前回はペーパー空間に表示するビューポートのサイズを、ややアバウトなやり方でしたが仮決定しました。
X方向:750mm
Y方向:500mm
前回も説明しましたが、このビューポートのサイズはあくまでも仮の大きさで、「この位のサイズからスタートする」という程度の話です。
最初にこうして決めておくことで、多少の誤差はあっても「どの程度の範囲が表示出来るのか」が見えてきます。
目的は主にそこにあります。
もちろんそのままの大きさで使う場合もありますが、まずビューポートの大きさを決めるというのは、結構重要な作業だと思います。

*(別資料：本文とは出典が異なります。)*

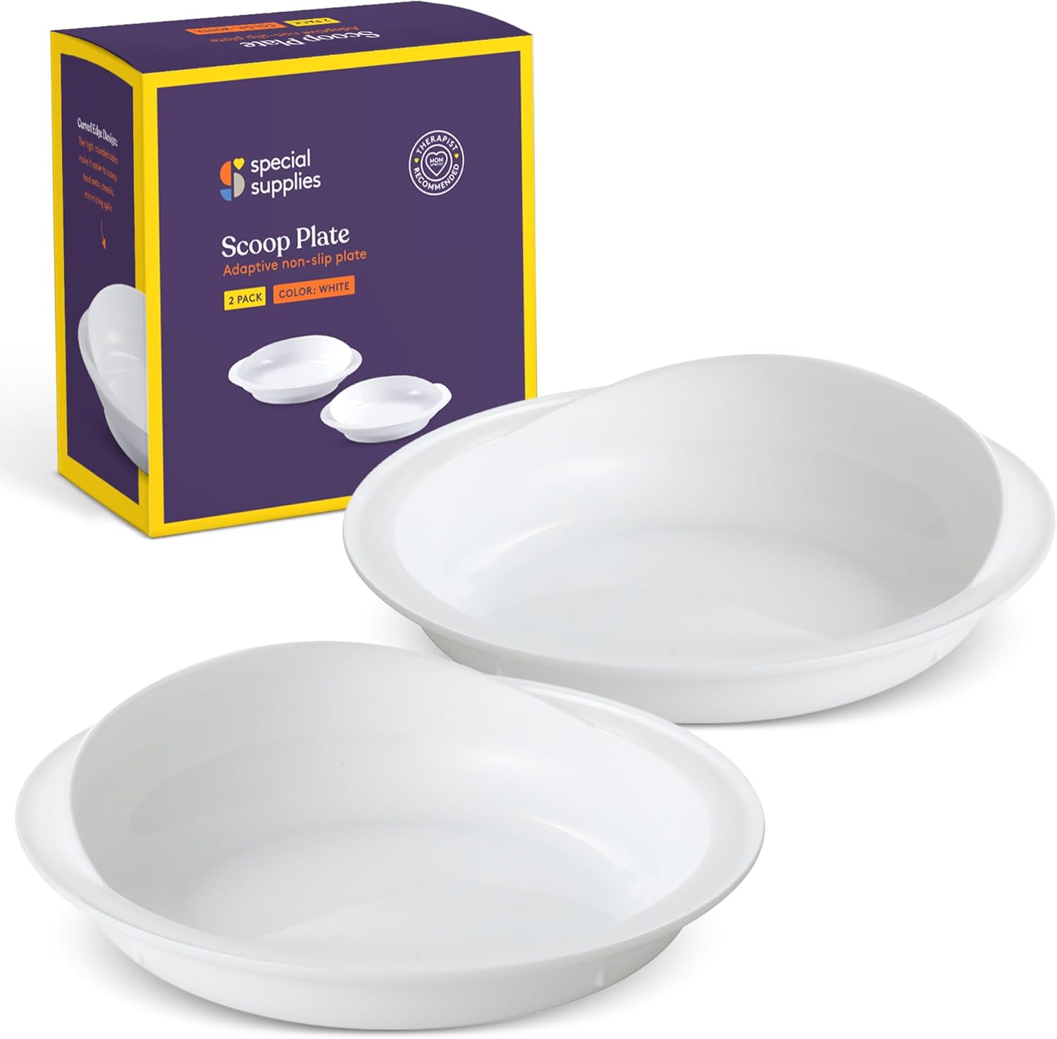 Special Supplies Adaptive Spill-Proof Scoop Plates- Dishes with Wall for Disabled, Handicapped, Elderly Adults with Special Needs from Parkinson’s, Arthritis, Dementia, Stroke, Tremors- 2 Pack (White)

さて、ひとまずビューポートの大きさを決めたので、ペーパー空間内にとりあえず750×500の四角形を描いておきましょう。
そしてその四角形を基点コピーしておき、今度はモデル空間上でいくつか作業をすることになります。
■縮尺1/1だと……
ペーパー空間からモデル空間に図形をコピーする際には、クリップボード経由のコピーが一番簡単です。

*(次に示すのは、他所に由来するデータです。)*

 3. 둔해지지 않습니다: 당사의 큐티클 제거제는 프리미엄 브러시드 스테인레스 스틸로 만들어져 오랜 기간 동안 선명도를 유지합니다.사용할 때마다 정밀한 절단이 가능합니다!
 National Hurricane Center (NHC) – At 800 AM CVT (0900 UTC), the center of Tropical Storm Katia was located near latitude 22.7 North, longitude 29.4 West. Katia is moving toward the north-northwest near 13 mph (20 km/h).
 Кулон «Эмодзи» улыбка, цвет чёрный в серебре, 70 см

通常のコピーペーストでも良いんですけど、基点と挿入点を指定出来る基点コピーの方が使い勝手は良いのでお勧めです。
と言うことで、モデル空間に先程基点コピーした四角形を貼り付けて、サンプルの平面図の大きさと比べてみましょう。
上図を見れば、平面図に対してビューポートのサイズはかなり小さいことが分かります。
これではもう全然表示出来ないレベルですけど、もちろんこのままの大きさのはずはないので大丈夫です。

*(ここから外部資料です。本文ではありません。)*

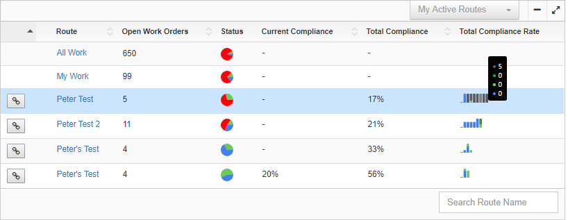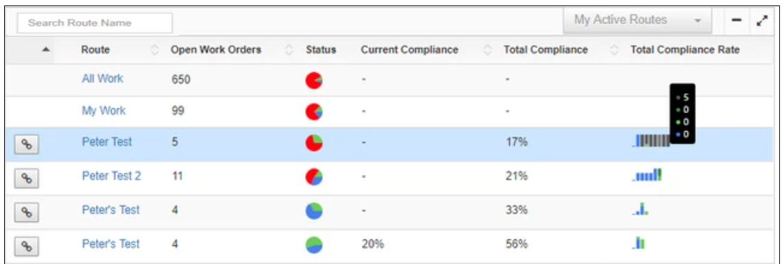 - Total Compliance Rate: displays a bar for each time a route is completed for a maximum of eight routes. The Graph will show a numerical value for each category when hovered over.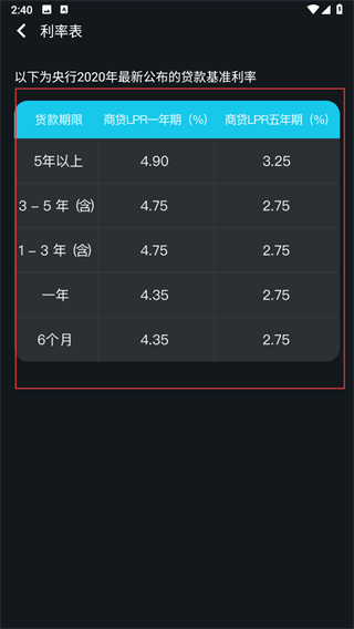 4、點(diǎn)擊之后進(jìn)入查看頁面,即可查看利率表。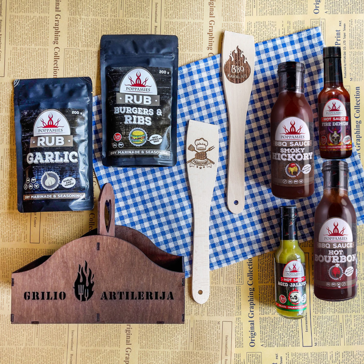 Dovanų rinkinys tikram BBQ fanui! Rinkinį sudaro įvairūs prieskoniai bei marinatai, kurie Jūsų patiekalams suteiks ypatingo skonio!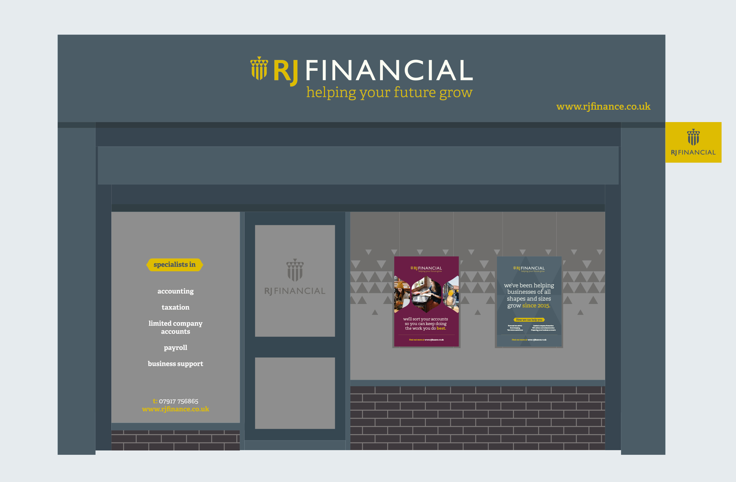 Accountancy experts RJ Financial approached Parade with an intent to invest in their marketing materials for an important upcoming event. After an initial consultation it was clear that they required a full branding exercise. Our goal was to create an identity that set a consistent visual language and showcased their business in a way that reflected their professionalism and credibility.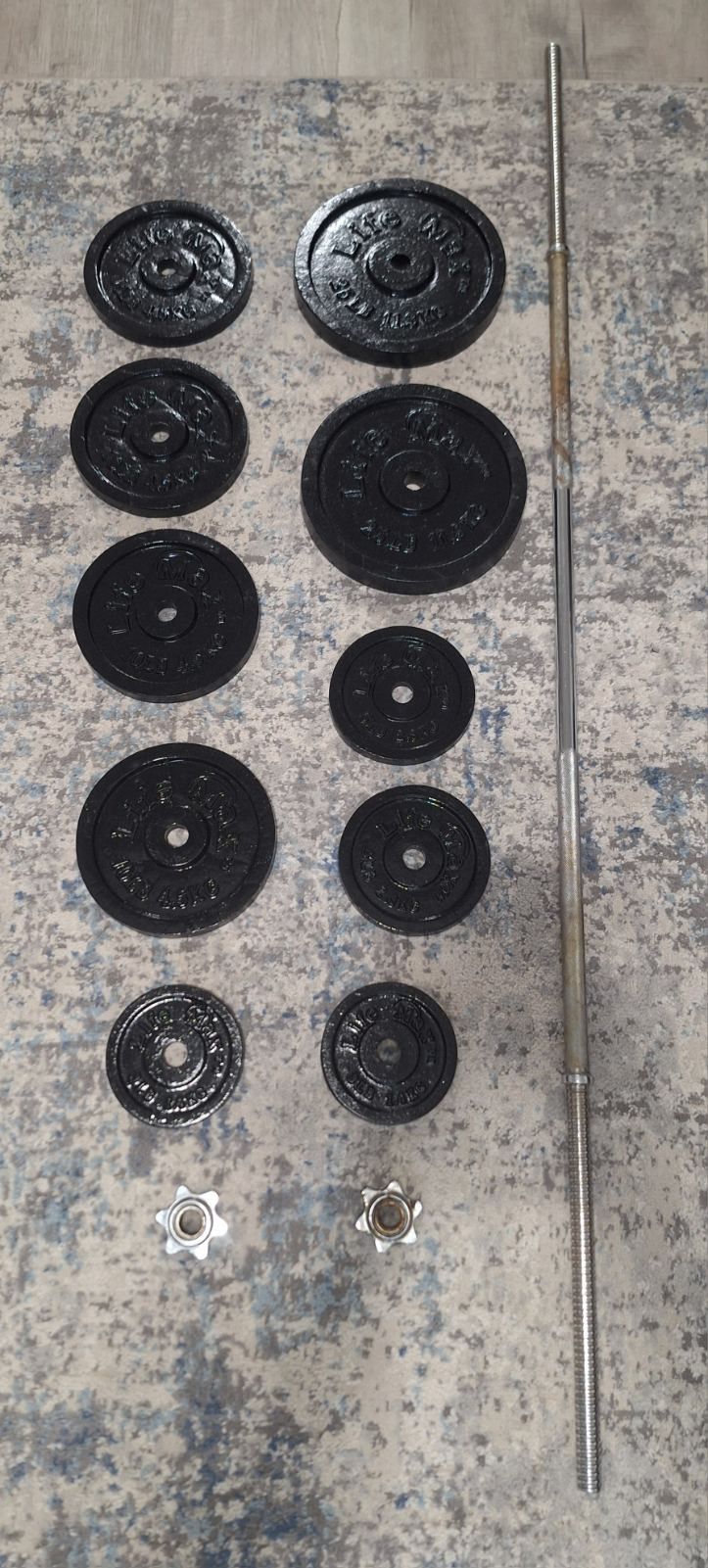 ποΈββοΈ Barbell Set with Weight Plates β Great Condition Barbell set for home workouts. Includes: βοΈ Barbell βοΈ Multiple weight plates βοΈ Spin-lock collars Perfect for home training: bench press, squats, deadlifts, arm and shoulder exercises. Good condition β solid and fully functional.

図面には縮尺という概念があるので、それによって表示範囲は結構大きくなってくれるはずです。
■縮尺による表示範囲
上図の四角形は、A1サイズで縮尺1/1の図面を作図する場合に、モデル空間を表示出来る範囲です。
なぜ縮尺1/1なのかというと、ペーパー空間の範囲をA1サイズそのまま(841×594)にしているから。
ビューポートで抜き出す際に縮小して表示する訳ですから、モデル空間で表示出来る範囲は以下のような考え方が成り立ちます。
モデル空間を表示出来る範囲 = ビューポートのサイズ × 縮尺の分母
あまり分かりやすくない気がするんですけど、これ以上分かりやすい表現が全然浮かびませんでした。
今回の場合は縮尺1/50の図面にするので、モデル空間に表示出来る範囲は、先程コピーした四角形の50倍ということになります。
これが50倍にした四角形の範囲です。
縮尺の概念を再確認する為に、四角形を20倍にしてみた範囲もあわせて表示させています。
1/50の図面よりも1/20の図面の方が、縮小率が小さい=各要素が大きく見えることになります。
だから、A1サイズに表現出来る範囲も狭くなる訳です。
この考え方は結構重要なので、四角形の大きさと縮尺の関係は、ぜひここで覚えてしまいましょう。